Model Selection Guide

Model	VRAM	Quality	Speed
musicgen-small	6GB	Good	Fast
musicgen-medium	12GB	Better	Medium
musicgen-large	16GB	Best	Slow
musicgen-melody	16GB	Best	Slow

Cost Estimate

For batch generation on cloud GPUs:

RunPod RTX 4000 Ada: ~$0.44/hr → ~100 tracks per hour
Lambda Labs A100: ~$1.49/hr → ~200 tracks per hour
Local RTX 4090: electricity cost ~$0.10/hr

Licensing Considerations

Audiocraft code is MIT-licensed, but the MusicGen models have a custom license that restricts commercial use. Check the model card before using in commercial projects.
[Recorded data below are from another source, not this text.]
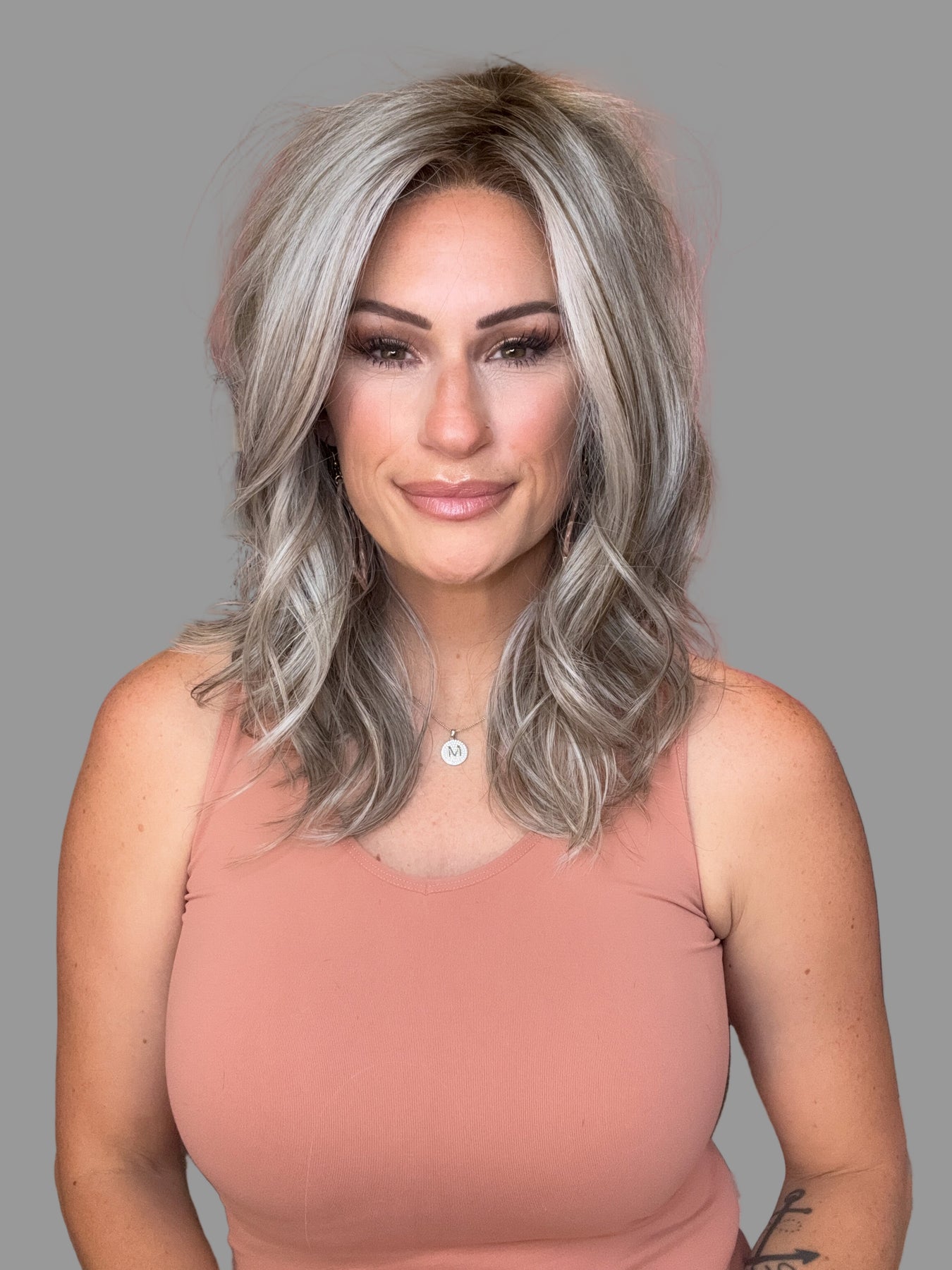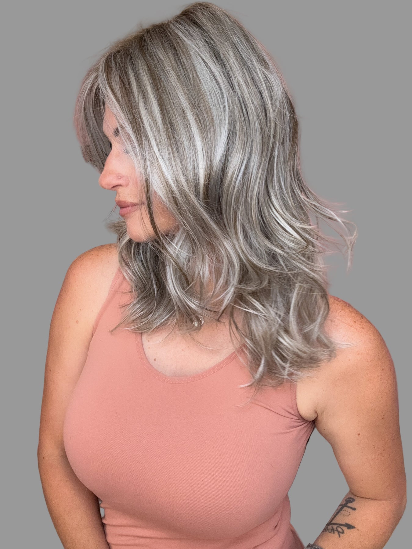 This style stuns in a cool-toned ash blonde base with silvery undertones, woven with bright platinum strands that create a luminous, icy shimmer. The blend of frosty silver, pale ash, and subtle beige tones gives striking dimension without warmth, resulting in a sophisticated, modern finish.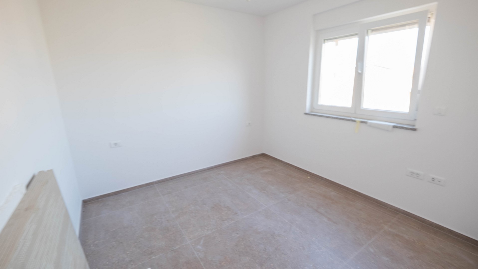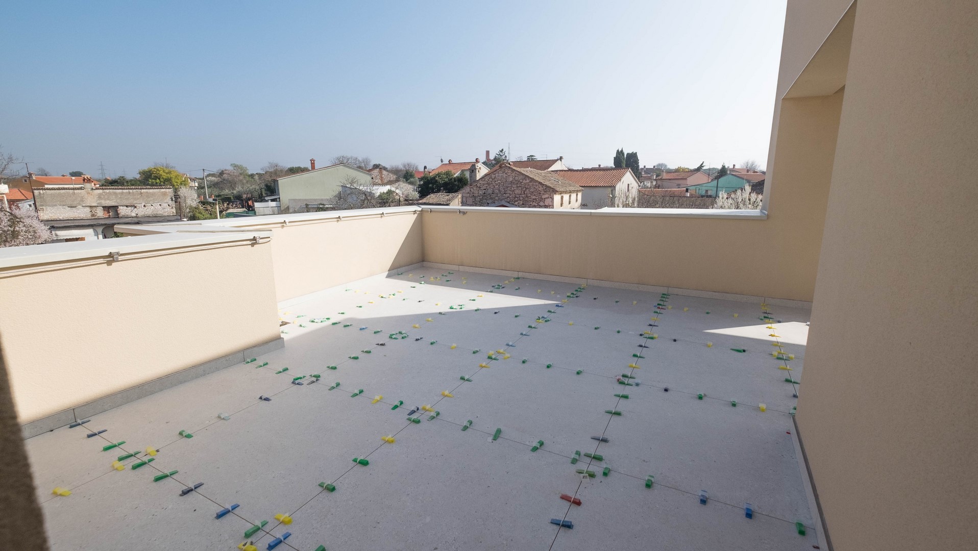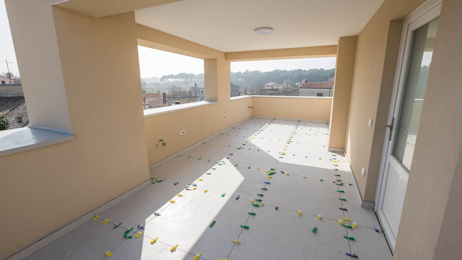 Pula - Valdebek, luxuriöse Zweizimmerwohnung im Bau mit einer Gesamtfläche von 80 m² im zweiten Stock. Die Wohnung besteht aus einem Eingangsbereich, zwei Schlafzimmern, einem Wohnzimmer mit Küche und Essbereich sowie einer Loggia. Zur Wohnung gehören eine Dachterrasse von 48 m² und ein Außenstellplatz.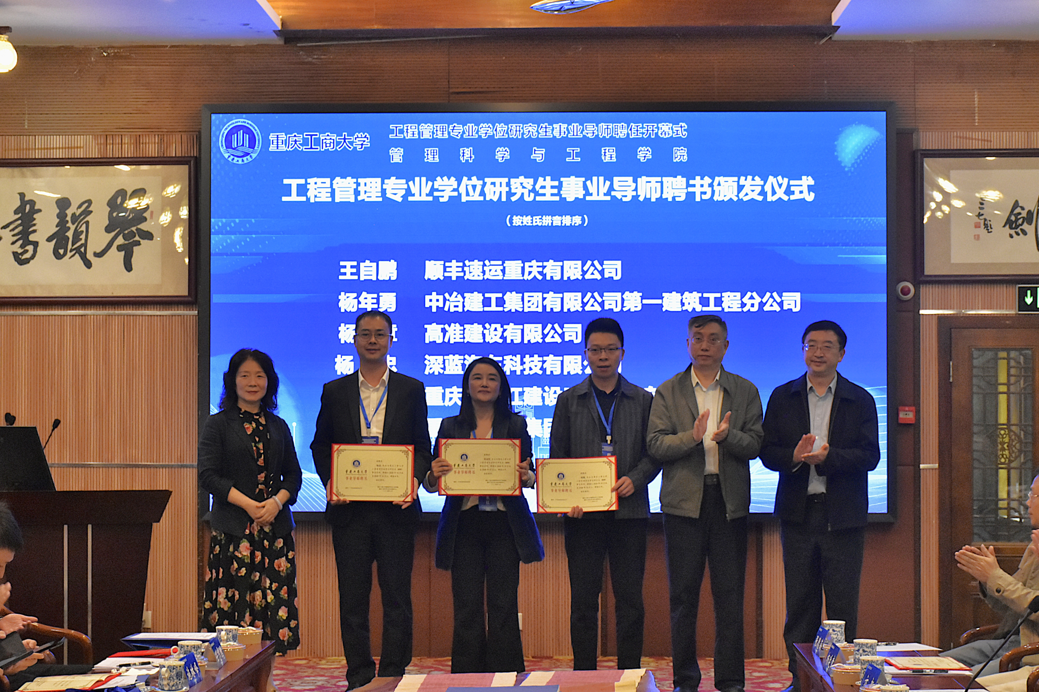 管理科学与工程学院副院长陈久梅宣读了《关于聘任全讯600cc大白菜工程管理专业学位研究生事业导师的决定》。参会领导依次为受聘事业导师颁发聘书。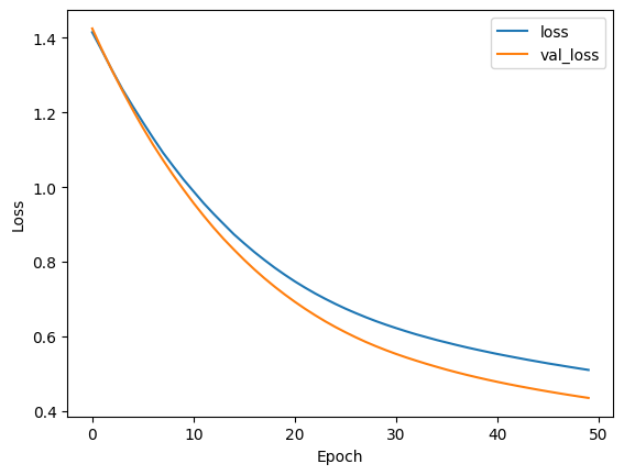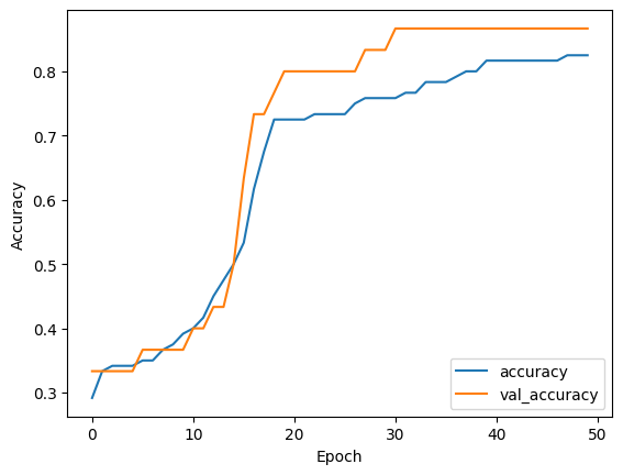 Epoch 1/50 4/4 [==============================] - 0s 44ms/step - loss: 1.0195 - accuracy: 0.5083 - val_loss: 0.9661 - val_accuracy: 0.6667 Epoch 2/50 4/4 [==============================] - 0s 6ms/step - loss: 0.9993 - accuracy: 0.5500 - val_loss: 0.9428 - val_accuracy: 0.6667 Epoch 3/50 4/4 [==============================] - 0s 6ms/step - loss: 0.9785 - accuracy: 0.5667 - val_loss: 0.9204 - val_accuracy: 0.7000 Epoch 4/50 4/4 [==============================] - 0s 6ms/step - loss: 0.9583 - accuracy: 0.5833 - val_loss: 0.8990 - val_accuracy: 0.7333 Epoch 5/50 4/4 [==============================] - 0s 6ms/step - loss: 0.9391 - accuracy: 0.6167 - val_loss: 0.8773 - val_accuracy: 0.7667 Epoch 6/50 4/4 [==============================] - 0s 6ms/step - loss: 0.9203 - accuracy: 0.6250 - val_loss: 0.8555 - val_accuracy: 0.7667 Epoch 7/50 4/4 [==============================] - 0s 6ms/step - loss: 0.9006 - accuracy: 0.6500 - val_loss: 0.8341 - val_accuracy: 0.7667 Epoch 8/50 4/4 [==============================] - 0s 6ms/step - loss: 0.8813 - accuracy: 0.6583 - val_loss: 0.8132 - val_accuracy: 0.7667 Epoch 9/50 4/4 [==============================] - 0s 6ms/step - loss: 0.8612 - accuracy: 0.6750 - val_loss: 0.7925 - val_accuracy: 0.7667 Epoch 10/50 4/4 [==============================] - 0s 6ms/step - loss: 0.8430 - accuracy: 0.6917 - val_loss: 0.7712 - val_accuracy: 0.7667 Epoch 11/50 4/4 [==============================] - 0s 6ms/step - loss: 0.8231 - accuracy: 0.6833 - val_loss: 0.7505 - val_accuracy: 0.8000 Epoch 12/50 4/4 [==============================] - 0s 6ms/step - loss: 0.8038 - accuracy: 0.7000 - val_loss: 0.7304 - val_accuracy: 0.8667 Epoch 13/50 4/4 [==============================] - 0s 6ms/step - loss: 0.7848 - accuracy: 0.7083 - val_loss: 0.7107 - val_accuracy: 0.8667 Epoch 14/50 4/4 [==============================] - 0s 6ms/step - loss: 0.7667 - accuracy: 0.7333 - val_loss: 0.6912 - val_accuracy: 0.8667 Epoch 15/50 4/4 [==============================] - 0s 6ms/step - loss: 0.7486 - accuracy: 0.7667 - val_loss: 0.6721 - val_accuracy: 0.8667 Epoch 16/50 4/4 [==============================] - 0s 6ms/step - loss: 0.7306 - accuracy: 0.7667 - val_loss: 0.6536 - val_accuracy: 0.8667 Epoch 17/50 4/4 [==============================] - 0s 6ms/step - loss: 0.7137 - accuracy: 0.7750 - val_loss: 0.6357 - val_accuracy: 0.8667 Epoch 18/50 4/4 [==============================] - 0s 6ms/step - loss: 0.6973 - accuracy: 0.7833 - val_loss: 0.6182 - val_accuracy: 0.8667 Epoch 19/50 4/4 [==============================] - 0s 6ms/step - loss: 0.6811 - accuracy: 0.8000 - val_loss: 0.6015 - val_accuracy: 0.8667 Epoch 20/50 4/4 [==============================] - 0s 6ms/step - loss: 0.6652 - accuracy: 0.8083 - val_loss: 0.5853 - val_accuracy: 0.8667 Epoch 21/50 4/4 [==============================] - 0s 6ms/step - loss: 0.6499 - accuracy: 0.8083 - val_loss: 0.5695 - val_accuracy: 0.8667 Epoch 22/50 4/4 [==============================] - 0s 6ms/step - loss: 0.6354 - accuracy: 0.8083 - val_loss: 0.5540 - val_accuracy: 0.8667 Epoch 23/50 4/4 [==============================] - 0s 6ms/step - loss: 0.6212 - accuracy: 0.8167 - val_loss: 0.5393 - val_accuracy: 0.8667 Epoch 24/50 4/4 [==============================] - 0s 6ms/step - loss: 0.6068 - accuracy: 0.8167 - val_loss: 0.5252 - val_accuracy: 0.9000 Epoch 25/50 4/4 [==============================] - 0s 6ms/step - loss: 0.5934 - accuracy: 0.8167 - val_loss: 0.5119 - val_accuracy: 0.9000 Epoch 26/50 4/4 [==============================] - 0s 6ms/step - loss: 0.5804 - accuracy: 0.8167 - val_loss: 0.4990 - val_accuracy: 0.9000 Epoch 27/50 4/4 [==============================] - 0s 6ms/step - loss: 0.5680 - accuracy: 0.8167 - val_loss: 0.4864 - val_accuracy: 0.9000 Epoch 28/50 4/4 [==============================] - 0s 6ms/step - loss: 0.5558 - accuracy: 0.8250 - val_loss: 0.4741 - val_accuracy: 0.9000 Epoch 29/50 4/4 [==============================] - 0s 6ms/step - loss: 0.5441 - accuracy: 0.8250 - val_loss: 0.4625 - val_accuracy: 0.9000 Epoch 30/50 4/4 [==============================] - 0s 6ms/step - loss: 0.5333 - accuracy: 0.8250 - val_loss: 0.4515 - val_accuracy: 0.9000 Epoch 31/50 4/4 [==============================] - 0s 6ms/step - loss: 0.5218 - accuracy: 0.8333 - val_loss: 0.4407 - val_accuracy: 0.9000 Epoch 32/50 4/4 [==============================] - 0s 6ms/step - loss: 0.5112 - accuracy: 0.8333 - val_loss: 0.4307 - val_accuracy: 0.9000 Epoch 33/50 4/4 [==============================] - 0s 6ms/step - loss: 0.5012 - accuracy: 0.8333 - val_loss: 0.4213 - val_accuracy: 0.9000 Epoch 34/50 4/4 [==============================] - 0s 6ms/step - loss: 0.4916 - accuracy: 0.8333 - val_loss: 0.4121 - val_accuracy: 0.9000 Epoch 35/50 4/4 [==============================] - 0s 6ms/step - loss: 0.4820 - accuracy: 0.8417 - val_loss: 0.4033 - val_accuracy: 0.9000 Epoch 36/50 4/4 [==============================] - 0s 6ms/step - loss: 0.4733 - accuracy: 0.8417 - val_loss: 0.3948 - val_accuracy: 0.9000 Epoch 37/50 4/4 [==============================] - 0s 6ms/step - loss: 0.4648 - accuracy: 0.8417 - val_loss: 0.3869 - val_accuracy: 0.9000 Epoch 38/50 4/4 [==============================] - 0s 6ms/step - loss: 0.4571 - accuracy: 0.8500 - val_loss: 0.3793 - val_accuracy: 0.9000 Epoch 39/50 4/4 [==============================] - 0s 6ms/step - loss: 0.4488 - accuracy: 0.8500 - val_loss: 0.3719 - val_accuracy: 0.9000 Epoch 40/50 4/4 [==============================] - 0s 6ms/step - loss: 0.4415 - accuracy: 0.8500 - val_loss: 0.3648 - val_accuracy: 0.9000 Epoch 41/50 4/4 [==============================] - 0s 6ms/step - loss: 0.4345 - accuracy: 0.8500 - val_loss: 0.3579 - val_accuracy: 0.9000 Epoch 42/50 4/4 [==============================] - 0s 6ms/step - loss: 0.4275 - accuracy: 0.8500 - val_loss: 0.3517 - val_accuracy: 0.9000 Epoch 43/50 4/4 [==============================] - 0s 6ms/step - loss: 0.4208 - accuracy: 0.8500 - val_loss: 0.3455 - val_accuracy: 0.9000 Epoch 44/50 4/4 [==============

The AudioGen models are CC-BY-NC 4.0 (non-commercial).

AudioGen: Sound Effects

AudioGen works similarly but generates sound effects instead of music:

from audiocraft.models import AudioGen

model = AudioGen.get_pretrained('facebook/audiogen-medium')
model.set_generation_params(duration=5)

prompt = "footsteps on gravel with birds chirping in background"
wav = model.generate([prompt])

audio_write('sfx.wav', wav[0].cpu(), model.sample_rate)